───── DATA SECTION

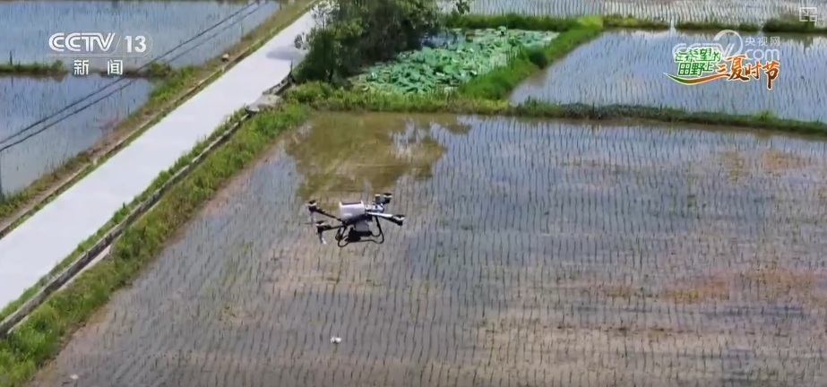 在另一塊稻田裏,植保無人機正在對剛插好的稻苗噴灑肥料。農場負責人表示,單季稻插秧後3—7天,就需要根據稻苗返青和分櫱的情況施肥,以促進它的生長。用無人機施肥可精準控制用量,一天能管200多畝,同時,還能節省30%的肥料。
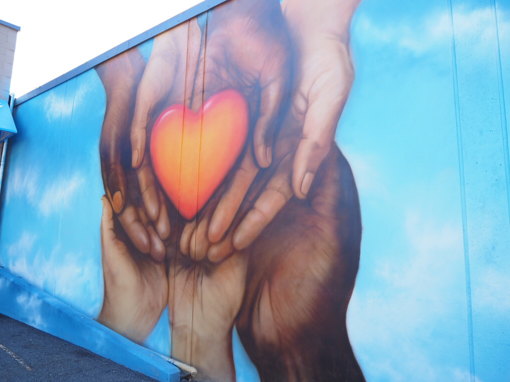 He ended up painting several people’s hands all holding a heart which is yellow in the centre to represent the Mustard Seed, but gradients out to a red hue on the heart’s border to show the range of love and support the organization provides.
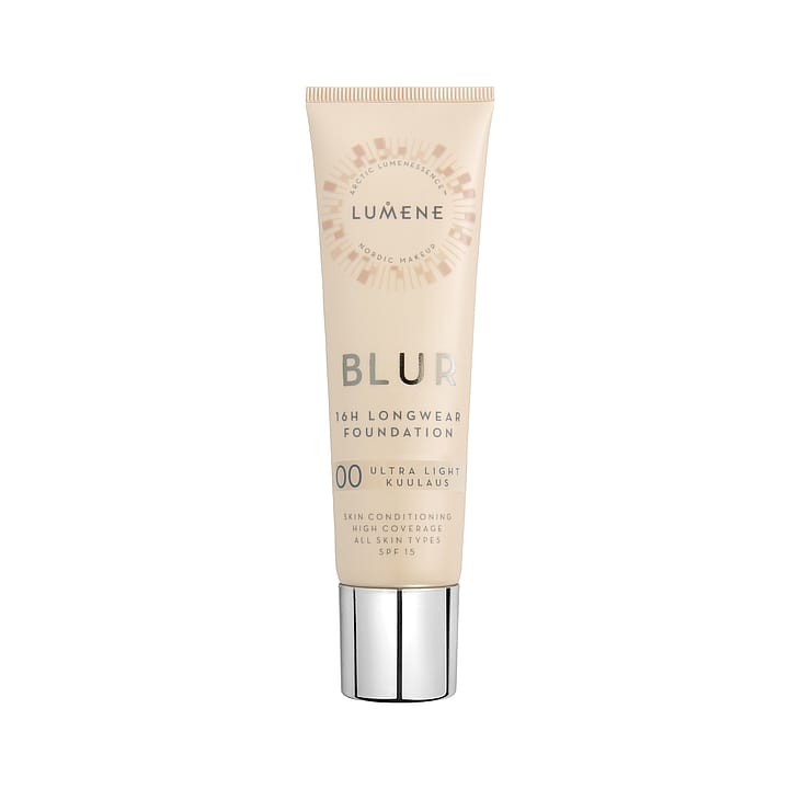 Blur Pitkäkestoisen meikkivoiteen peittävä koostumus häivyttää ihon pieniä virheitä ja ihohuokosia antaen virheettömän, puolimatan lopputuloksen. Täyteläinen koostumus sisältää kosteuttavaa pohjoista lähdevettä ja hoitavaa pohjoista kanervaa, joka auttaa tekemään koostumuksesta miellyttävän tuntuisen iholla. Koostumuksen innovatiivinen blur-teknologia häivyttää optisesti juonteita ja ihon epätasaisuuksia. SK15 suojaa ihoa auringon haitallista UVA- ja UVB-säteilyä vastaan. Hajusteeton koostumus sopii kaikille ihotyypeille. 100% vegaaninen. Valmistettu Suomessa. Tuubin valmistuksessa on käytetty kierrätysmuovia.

──────────

TASK STATEMENT » Nothing but the lines from the one containing "He ended up" through the last line of the listing should be copied, each word for word and without pictures.

ANSWER SECTION »
 He ended up painting several people’s hands all holding a heart which is yellow in the centre to represent the Mustard Seed, but gradients out to a red hue on the heart’s border to show the range of love and support the organization provides.
 Blur Pitkäkestoisen meikkivoiteen peittävä koostumus häivyttää ihon pieniä virheitä ja ihohuokosia antaen virheettömän, puolimatan lopputuloksen. Täyteläinen koostumus sisältää kosteuttavaa pohjoista lähdevettä ja hoitavaa pohjoista kanervaa, joka auttaa tekemään koostumuksesta miellyttävän tuntuisen iholla. Koostumuksen innovatiivinen blur-teknologia häivyttää optisesti juonteita ja ihon epätasaisuuksia. SK15 suojaa ihoa auringon haitallista UVA- ja UVB-säteilyä vastaan. Hajusteeton koostumus sopii kaikille ihotyypeille. 100% vegaaninen. Valmistettu Suomessa. Tuubin valmistuksessa on käytetty kierrätysmuovia.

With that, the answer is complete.